What I didn’t know at the time, but do now, is that mathematicians have a name for this kind of puzzle. The challenge is to find the “Hamiltonian path”, a sequence that doesn’t retrace its steps. Some patterns have a Hamiltonian path; some don’t. The one on the left does; the one on the right doesn’t.
Computer scientists are trying to figure out how to solve puzzles like this — to identify which patterns fall into which category — without their computers taking too long, possibly forever. One way to avoid thinking about Republicans and elections is to work on the one above that I either did or didn’t solve.
The White House website has a new page devoted to last year’s very big infrastructure bill.
It got Jennifer Rubin of The Washington Post thinking about the Democratic Party’s “message”, a phrase that ideally would fit on a bumper sticker:
While Russia’s brutal invasion of Ukraine and a highly impressive Supreme Court nominee afford Biden his first chance in months to break the bad news cycle and to project strength, he still lacks a big picture that ties it all together.

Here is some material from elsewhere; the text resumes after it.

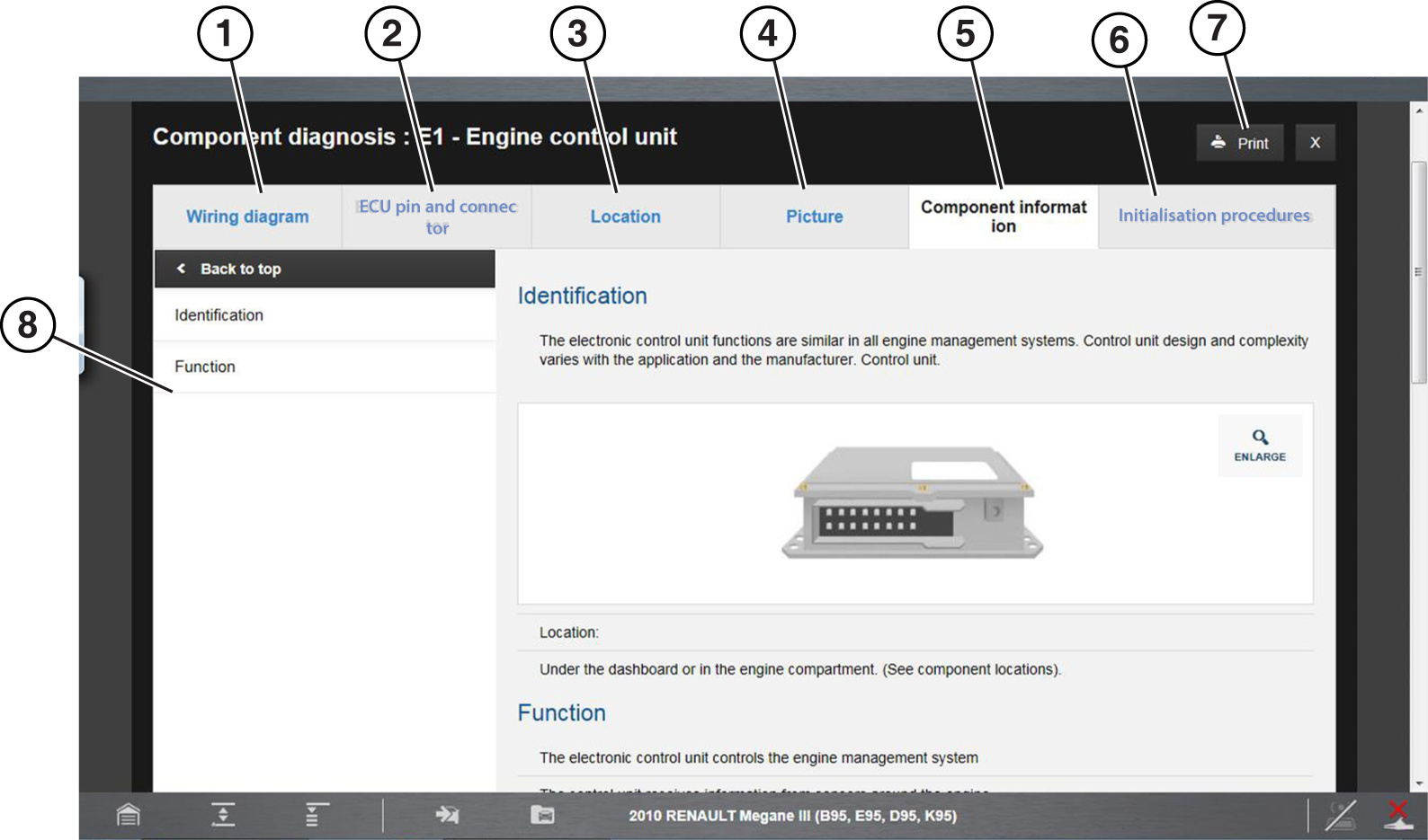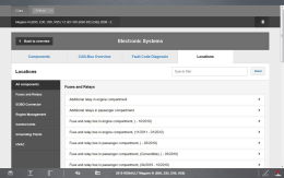 The Locations features provides vehicle specific electrical component location information. Descriptive and visual (e.g. diagrams and schematics) reference may be provided for the following types of system components:

Biden faces several challenges: 1) He can’t do much about the biggest economic concern (inflation) which fairly or not voters blame on him; 2) Voters seem to have taken job growth and a return to post-covid normal for granted; 3) The GOP noise machine of constant conspiracies and baseless accusations effectively manipulates the mainstream media, which regurgitates GOP talking points; and 4) Voters forget how positively nutty the GOP has become and the degree to which its worst elements will predominate if it returns to the majority in one or both houses.
So what can Biden do? At its most basic, Democrats must convince voters they are on the side of regular Americans — making progress and solving real problems (e.g., jobs, covid). They need to remind voters that Democrats are on the right side of the middle class, democracy and law and order. Democrats must leave no doubt as to which party did a lot to clean up the mess left behind by the previous administration and which party understands the real problems left to work on (e.g., inflation, green energy, defending against international bullies).
Republicans? They are bullies and chaos creators (be it attacking the Capitol, letting the country default on the debt, setting up a litigation machine to sue teachers, undermining elections, threatening to take away kids whose parents give them medical care and inviting a truck blockade). Do voters really want to give power back to the crowd that defends violence (“legitimate political discourse”), lets their cult leader extort Ukraine, and goes to bat for big corporations (e.g., allowing them to escape paying taxes, protecting Big Pharma’s price gouging)?
Democrats need to get back to a fundamental message: When in power, they make government work for ordinary people and defend American values (democracy, opportunity, fairness, playing by the rules). They solve real problems. When Republicans are in power, they create division, conflict and chaos. They are not on your side. That’s it. A simple dichotomy.
The problem is that if there are voters out there who don’t already understand the difference between the two parties, they’re probably unreachable. If they bother to vote, they’ll make their choice one of two ways. If they see themselves as a Democrat or Republican, they’ll stick with the party that makes them feel comfortable. If they don’t have a particular political identity, they’ll vote for or against “change” (i.e. for or against the incumbent) depending on their mood that day. The irony is that if voters want meaningful change, they should elect more Democrats. In particular, more Democrats in the Senate would make roadblocks like Manchin and Sinema irrelevant. But since Democrats “control” both houses of Congress, many voters will mistakenly think electing more Republicans will bring about the kind of change they want.